◆ **Provided data**:

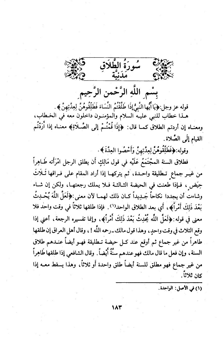 قوله عزَّ وجلَّ: (يَا أَيُّهَا النَّبِيُّ إِذَا طَلَّقْتُمُ النِّسَاءَ فَطَلِّقُوهُنَّ لِعِدَّتِهِنَّ وَأَحْصُوا الْعِدَّةَ وَاتَّقُوا اللَّهَ رَبَّكُمْ لَا تُخْرِجُوهُنَّ مِنْ بُيُوتِهِنَّ وَلَا يَخْرُجْنَ إِلَّا أَنْ يَأْتِينَ بِفَاحِشَةٍ مُبَيِّنَةٍ وَتِلْكَ حُدُودُ اللَّهِ وَمَنْ يَتَعَدَّ حُدُودَ اللَّهِ فَقَدْ ظَلَمَ نَفْسَهُ لَا تَدْرِي لَعَلَّ اللَّهَ يُحْدِثُ بَعْدَ ذَلِكَ أَمْرًا (1)
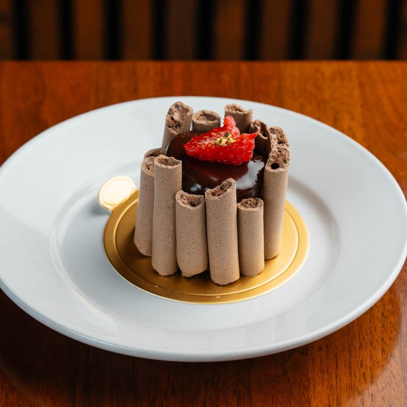 Pate de choux filled with chocolate hazelnut mousse, hazelnut praline, chocolate-covered feuilletine, topped with candied hazelnut *nut allergy
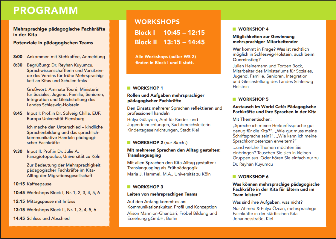 Das Thema "Mehrsprachigkeit in der Kita" hat in den letzten Jahren an Bedeutung gewonnen. Kitas sind noch vielfältiger, multilingualer und multikultureller geworden. Jedoch richtet sich der Blick meistens auf mehrsprachige Kinder und weniger auf mehrsprachige pädagogische Fachkräfte. Dieser Fachtag fokussierte ihre Perspektive, Potenziale, Möglichkeiten und Herausforderungen.
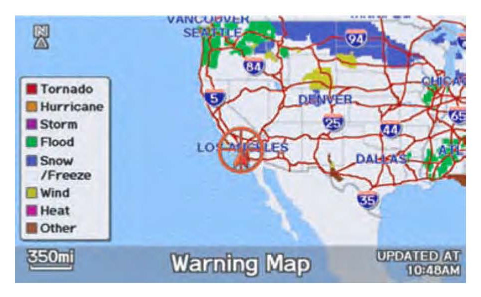 You can also see weather warnings and a weather radar image map. To see weather warnings, say or select Warning Map. The display changes to show weather warnings for the selected area.
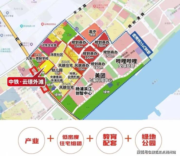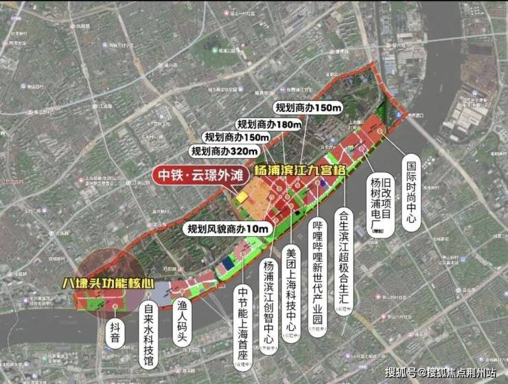 『中铁·云璟外滩』地块属于杨浦滨江“九宫格”之一,紧邻内环高架、12号线宁国路站,直线距离滨江约700米。
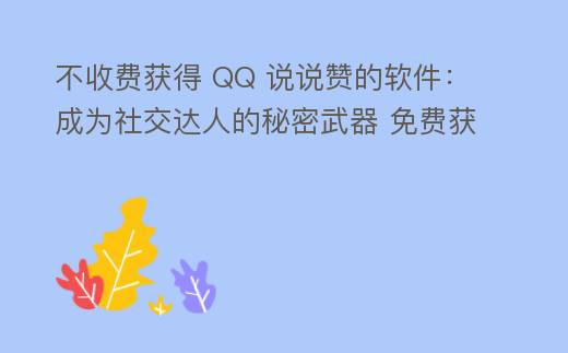 不收费获得 QQ 说说赞的软件:成为社交达人的秘密武器 免费获得qqvip的软件
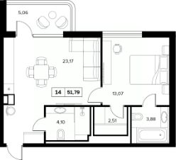 В продаже номер площадью 51.79 м² на 3 этаже в премиальном экокомплексе Белые Ночи.
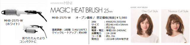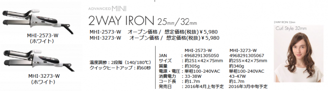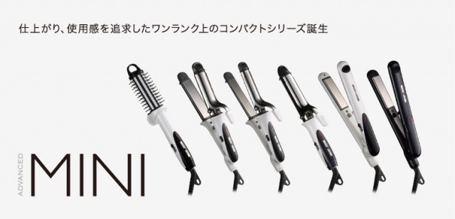 「ADVANCED MINI(アドバンスミニ)」として発売されるのは、ストレートアイロン(2色展開:ホワイト/ブラック)、カーリングアイロン、2WAYアイロン(2機種:25mm,32mm)、マジックヒートブラシの全4機種を取り揃えた計6製品。
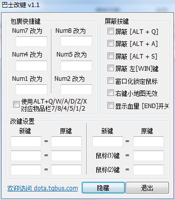 巴士改键是电玩巴士dota英雄站推出的一款改键显血工具。巴士改键具备自定义改键和显血以及屏蔽诸如“左win键”、“ALT+Q”以及自动更新等功能,极大方便了游戏操作。目前推出了简易版和扩展版两个版本,不同的是扩展版拥有更强大的改键方案管理功能,也就是用户可以保存各种不同的改键方案,针对不同英雄做不同的改键,并且支持组合按键,所以可以实现卡尔一键切技能等强大功能。总得来说,巴士改键是魔兽玩家必备的工具,简单快捷,软件虽小但能大大增加游戏的乐趣,有需要的玩家可以下载体验。
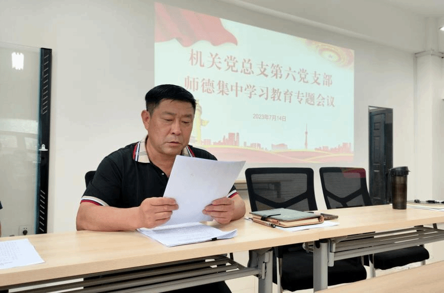 根据《河南省教育厅关于在全省教育系统做好师德集中学习教育的通知》(教师[2023]211号)、pp电子游戏平台网站关于在全校做好师德集中学习教育的通知文件要求,机关党总支第六党支部于2023年7月14日上午召开师德集中学习教育专题会议。会议由党支部书记王军红主持,支部全体党员、部门在编人员及人事代理人员参会。

◆ **Your goal**:
For this exercise, return every entry verbatim and omit all pictures.

◆ **Written answer**:
 قوله عزَّ وجلَّ: (يَا أَيُّهَا النَّبِيُّ إِذَا طَلَّقْتُمُ النِّسَاءَ فَطَلِّقُوهُنَّ لِعِدَّتِهِنَّ وَأَحْصُوا الْعِدَّةَ وَاتَّقُوا اللَّهَ رَبَّكُمْ لَا تُخْرِجُوهُنَّ مِنْ بُيُوتِهِنَّ وَلَا يَخْرُجْنَ إِلَّا أَنْ يَأْتِينَ بِفَاحِشَةٍ مُبَيِّنَةٍ وَتِلْكَ حُدُودُ اللَّهِ وَمَنْ يَتَعَدَّ حُدُودَ اللَّهِ فَقَدْ ظَلَمَ نَفْسَهُ لَا تَدْرِي لَعَلَّ اللَّهَ يُحْدِثُ بَعْدَ ذَلِكَ أَمْرًا (1)
 Pate de choux filled with chocolate hazelnut mousse, hazelnut praline, chocolate-covered feuilletine, topped with candied hazelnut *nut allergy
 Das Thema "Mehrsprachigkeit in der Kita" hat in den letzten Jahren an Bedeutung gewonnen. Kitas sind noch vielfältiger, multilingualer und multikultureller geworden. Jedoch richtet sich der Blick meistens auf mehrsprachige Kinder und weniger auf mehrsprachige pädagogische Fachkräfte. Dieser Fachtag fokussierte ihre Perspektive, Potenziale, Möglichkeiten und Herausforderungen.
 You can also see weather warnings and a weather radar image map. To see weather warnings, say or select Warning Map. The display changes to show weather warnings for the selected area.
 『中铁·云璟外滩』地块属于杨浦滨江“九宫格”之一,紧邻内环高架、12号线宁国路站,直线距离滨江约700米。
 不收费获得 QQ 说说赞的软件:成为社交达人的秘密武器 免费获得qqvip的软件
 В продаже номер площадью 51.79 м² на 3 этаже в премиальном экокомплексе Белые Ночи.
 「ADVANCED MINI(アドバンスミニ)」として発売されるのは、ストレートアイロン(2色展開:ホワイト/ブラック)、カーリングアイロン、2WAYアイロン(2機種:25mm,32mm)、マジックヒートブラシの全4機種を取り揃えた計6製品。
 巴士改键是电玩巴士dota英雄站推出的一款改键显血工具。巴士改键具备自定义改键和显血以及屏蔽诸如“左win键”、“ALT+Q”以及自动更新等功能,极大方便了游戏操作。目前推出了简易版和扩展版两个版本,不同的是扩展版拥有更强大的改键方案管理功能,也就是用户可以保存各种不同的改键方案,针对不同英雄做不同的改键,并且支持组合按键,所以可以实现卡尔一键切技能等强大功能。总得来说,巴士改键是魔兽玩家必备的工具,简单快捷,软件虽小但能大大增加游戏的乐趣,有需要的玩家可以下载体验。
 根据《河南省教育厅关于在全省教育系统做好师德集中学习教育的通知》(教师[2023]211号)、pp电子游戏平台网站关于在全校做好师德集中学习教育的通知文件要求,机关党总支第六党支部于2023年7月14日上午召开师德集中学习教育专题会议。会议由党支部书记王军红主持,支部全体党员、部门在编人员及人事代理人员参会。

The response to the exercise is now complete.